(Resolved) 2016-09-29 07:57 PDT Agent collector problems

Last updated: Mon Feb 04 23:48:02 GMT 2019

RCA: Beginning on 2016-09-29 at 07:57 PDT, our agent collectors began experiencing problems, and rejecting agent check-ins.  This problem was escalated immediately to our engineering operations team, and to our developers.  We restored the status of the agent collector infrastructure beginning at 09:20 PDT.  All results were committed over the course of the following hour, and the platform is up to date as of 10:15 PDT.  The problem was due to a problem in the task definition side of the collector, which affected all components of the agent collector.  The resolution of this issue is already in progress, as we split the agent collector processes into separate channels, to allow agents to continue to commit results independently of task definition download.    If you have any questions, comments or concerns related to this issue, please notify us at support@thousandeyes.com.

2016-09-29 10:15 PDT: Agent result backlog has cleared.  All agents are now up to date, and results have been committed.

2016-09-29 10:10 PDT: Agent result backlog is still in the process of clearing.

2016-09-29 09:20 PDT: All agent collectors are back online.  Agents are now checking in: it will take between 30 and 45 minutes to clear agent commit backlogs. As agents start to check in, results will be populated in the platform.

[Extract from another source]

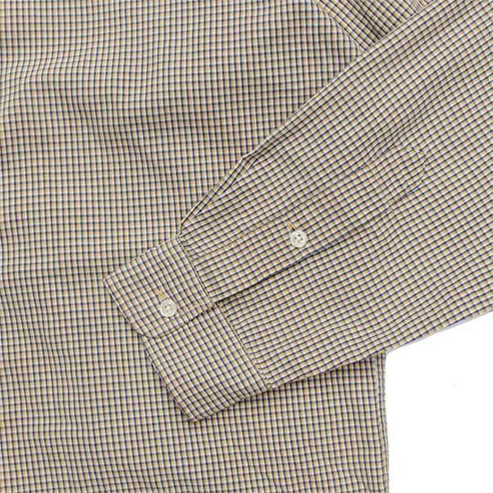 イエローxブルーxホワイトの爽やかな組み合わせ、スモールチェックなので使っている色の割に落ち着いた印象。

2016-09-29 08:17 PDT: We are experiencing an issue with agent collectors.  Requests made from agents to the agent collectors are failing. Users monitoring agent logs will see the following message:  Test results captured on agents will be delayed until our agents are able to check in.  Our operations team is aware of the issue and is in the process of resolving.

yyyy-MM-dd hh:mm:ss.nnn ERROR [0a5b7849] [te] {} Error calling check_in: Connection timeout.

2016-09-29 07:57 PDT: Agent check-ins are failing.  We have begun diagnosis.